WDMAud concatenates the Version and Revision members from KSCOMPONENTID to form the 16-bit revision number that the xxxGetDevCaps function copies into the vDriverVersion member of the capabilities structure:

vDriverVersion = (Version << 8) | (Revision & 0xFF)

Microsoft previously required vendors to register manufacturer IDs and product IDs for their audio devices. These IDs were then released in the header file Mmreg.h.

In Windows XP and later, registered IDs are no longer necessary; they are replaced by the manufacturer and product GUIDs that are provided through the KSPROPERTY_GENERAL_COMPONENTID property. The GUIDs are more convenient for vendors to use than registered IDs because GUIDs are inherently unique, are easily generated, and require no registration.

However, if you have already registered product and manufacturer IDs with Microsoft (and they are in Mmreg.h), you can use the macros INIT_MMREG_PID and INIT_MMREG_MID in Ksmedia.h to convert your product and manufacturer IDs into GUIDs. If you use these macros to generate the GUIDs, WDMAud is able to recover the original product and manufacturer IDs from the GUIDs and copy these IDs into the wPid and wMid members of the capabilities structure that is filled in by the xxxGetDevCaps call.

Otherwise, if you do not have registered manufacturer and product IDs, simply use the GuidGen utility to generate the manufacturer and product GUIDs. (GuidGen is included in the Microsoft Windows SDK.) When a driver's GUIDs are of this type, WDMAud loads default constants MM_UNMAPPED and MM_PID_UNMAPPED into the wMid and wPid members, respectively, of the capabilities structure that is filled in by the xxxGetDevCaps call.
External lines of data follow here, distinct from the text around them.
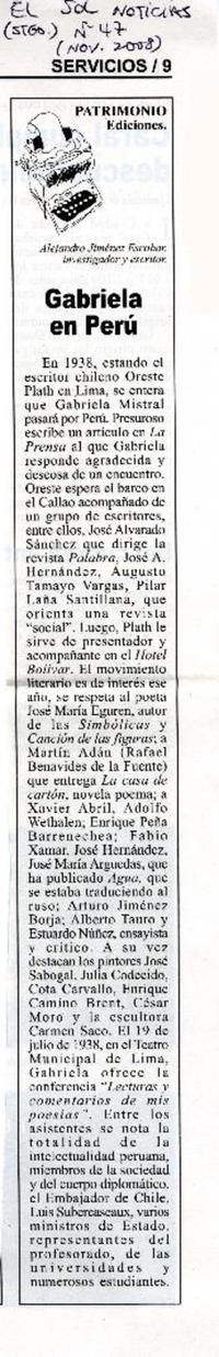 Gabriela en Perú [artículo]. El Sol Noticias (Diario : Santiago, Chile)-- no. 47 (nov. 2008) p. 9. .
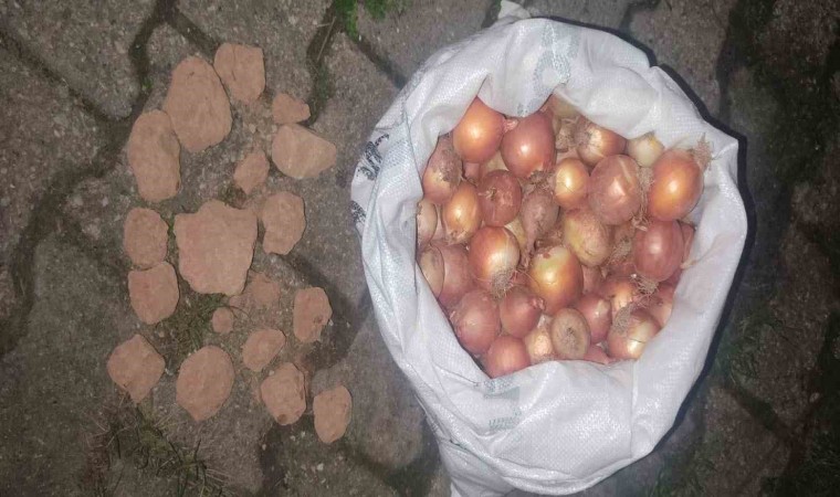 Sinop’un Erfelek ilçesinde soğan satan kimliği belirsiz şahıslardan soğan satın alan Nazmiye Çil, soğan çuvallarından çıkan taşları görünce şoke oldu.
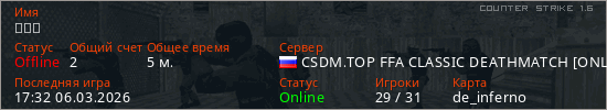 Играет на Counter Strike 1.6 сервере. Страна: РоссияПервый раз замечен 17:26 06.03.2026

WDMAud uses the Name GUID in the KSCOMPONENTID structure to look up a "Name" key in the registry. This key is located under the registry path name HKLM\System\CurrentControlSet\Control\MediaCategories. The "Name" key for a device has an associated string value that contains the device name. The xxxGetDevCaps function copies the first 31 characters of this name string into the szPname member of the capabilities structure. For device names longer than 31 characters, a client application can open the registry key and directly read the entire string. A driver can populate this registry entry in one of two ways:

  • The driver can specify the entry in the device's INF file at install time.
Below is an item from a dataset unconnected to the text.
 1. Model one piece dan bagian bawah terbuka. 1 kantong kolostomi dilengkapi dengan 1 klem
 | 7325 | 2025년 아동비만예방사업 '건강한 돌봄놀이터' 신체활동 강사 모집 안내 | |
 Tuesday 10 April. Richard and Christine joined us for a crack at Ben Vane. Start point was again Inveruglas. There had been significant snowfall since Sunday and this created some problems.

  • The driver can load the entry during execution of its filter-initialization routine.

The name GUID is optional. If the driver sets the Name member in the KSCOMPONENTID to the GUID_NULL value, WDMAud provides the device's friendly name to the xxxGetDevCaps function, which copies this name into the szPname member of the capabilities structure.

If the filter exposes no handler for the KSPROPERTY_GENERAL_COMPONENTID property, WDMAud uses default values in place of the data from the KSCOMPONENTID structure. The default values for the legacy portion of the capabilities structure are as follows:


  • wPid = a device class from the following list:
  • vDriverVersion = 0x050a (for Windows XP) or 0x0500 (pre-Windows XP)

On Windows releases earlier than Windows XP, the legacy members of the capabilities structure are always set to the defaults above. On Windows XP and later, the default values for the extended capabilities are as follows:

  • NameGuid = GUID_NULL

  • INIT_MMREG_MID(&ManufacturerGuid, wMid)

  • INIT_MMREG_PID(&ProductGuid, wPid)

The INIT_MMREG_MID and INIT_MMREG_PID macros above are defined in Ksmedia.h. These macros are used to convert the manufacturer and product IDs in the wMid and wPid members to GUIDs that are loaded into the ManufacturerGuid and ProductGuid members.